Mit dem Kabel und Win 98 komme ich ohne Probleme auf den Antrieb
Bei Win XP gehts mit meinem Dell Latitude aber nicht mit meinem Field PG, da bekomme ich keine Verbindung bzw. die Verbindung schenint langsam zu sein, als wenn die Schnittstelle noch belegt ist.
Habe noch ein anderes Field PG Probiert, gleiches Phänomen

Hat jemand eine Idee wie ich rausfinden kann wo das Problem liegt


----------



## georg_demmler (11 Juli 2010)

Hallo,

was mir so auf die Schnelle einfällt - sind denn die Anschlußeinstellung für die COM-Schnittstelle gleich. Baudrate, Datenbits usw.

Findet man unter Systemsteuerung - System - Hardware - Gerätemanager und dort unter Anschlüsse (LPT, COM). Gibt bestimmt auch einen DOS-Befehl zum Einstellen - nämlich mode. 

Viel Spass

GD


----------



## mitchih (11 Juli 2010)

Danke für den Tipp,
das hatte ich aber schon kontrolliert, ist bei allen Rechnern gleich eingestellt.

Ich vermute aber eher das die Schnittstelle irgendwie blockiert wird.


----------



## SW-Mech (12 Juli 2010)

Hallo,

Das Orginal-Programmierkabel für den Digifas-Regler hat ein Netzteil  dran. Ich nehme aber an, du verwendest dieses Orginalkabel.



mitchih schrieb:


> Ich vermute aber eher das die Schnittstelle irgendwie blockiert wird.

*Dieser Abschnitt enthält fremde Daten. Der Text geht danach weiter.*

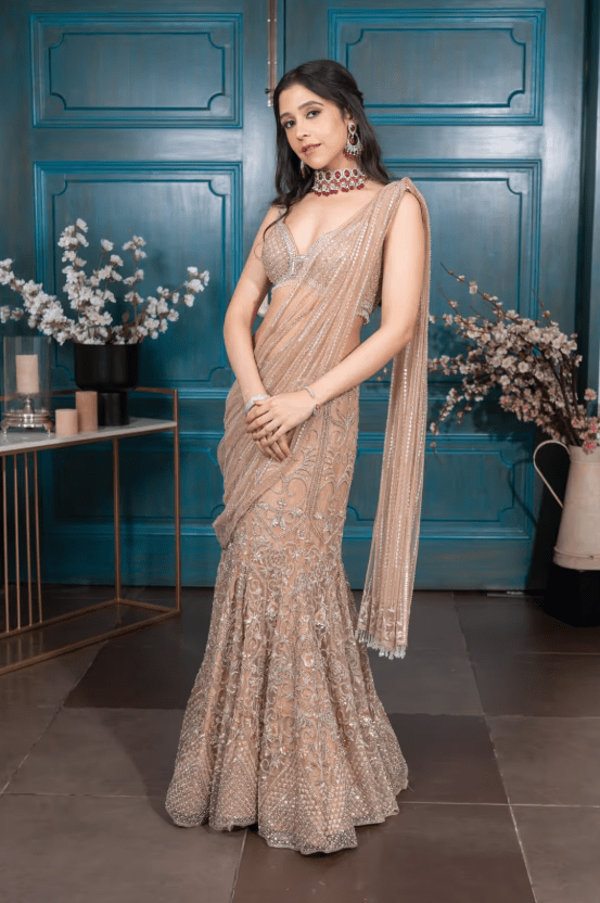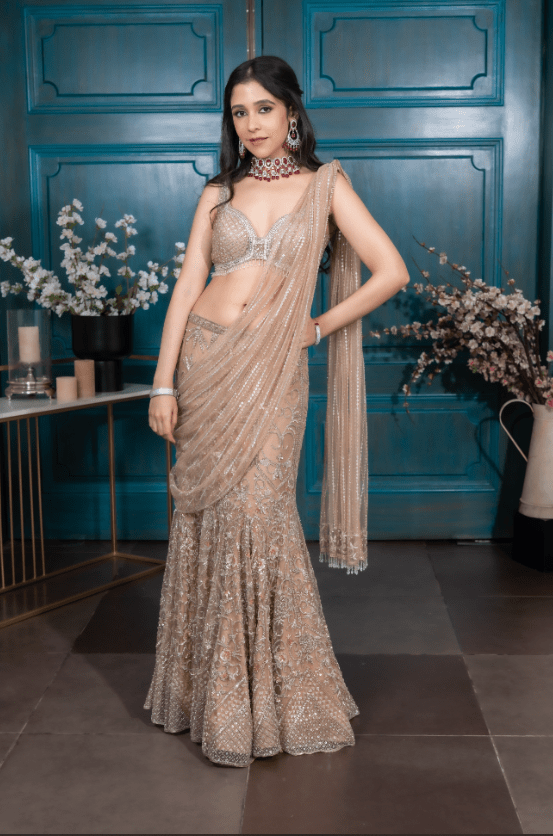 Pre-draped nude gold saree hand embroidered with sequin, cutdana and crystal detailing. Paired with a matching embroidered saree drape and strappy embellished blouse in net.

Das denke ich auch. Damals auf Windows 2000 gab's den Kithara-DOS-Enabler. Diese Software macht, dass auch DOS-Programme direkt auf die Hardware zugreifen kann.
Diesen DOS-Enabler bekommst du hier: http://www.kithara.de/de/download.html

Vielleicht funktionierts ja damit.
Gruss SW-Mech


----------



## akkuencue (14 Juli 2016)

Hallo !
Ich möchte eine serielle PC Verbindung für Digifas 7200 selber machen.
Ich würde Ihnen sehr dankbar, wenn Sie Bauanleitungen zusenden würden.
Mit freundlichen Grüssen


----------



## SW-Mech (18 Juli 2016)

Hallo

Etwas findest du hier
Im Kapitel I-7/I-8 (PDF-Seite 10) sind die Schnittstellenkabel beschrieben.
Allerdings wird du nach dem nur das Kabel für die LPT-Schnittstelle nachbauen können.

Gruss SW-Mech


----------



## akkuencue (18 Juli 2016)

Hallo !
Ich danke dir herzlich.
Ich brauche Digifas _PC Verbindung für COM Port nicht für LPT
wenn du so findest, melde dich bitte
Grüsse


----------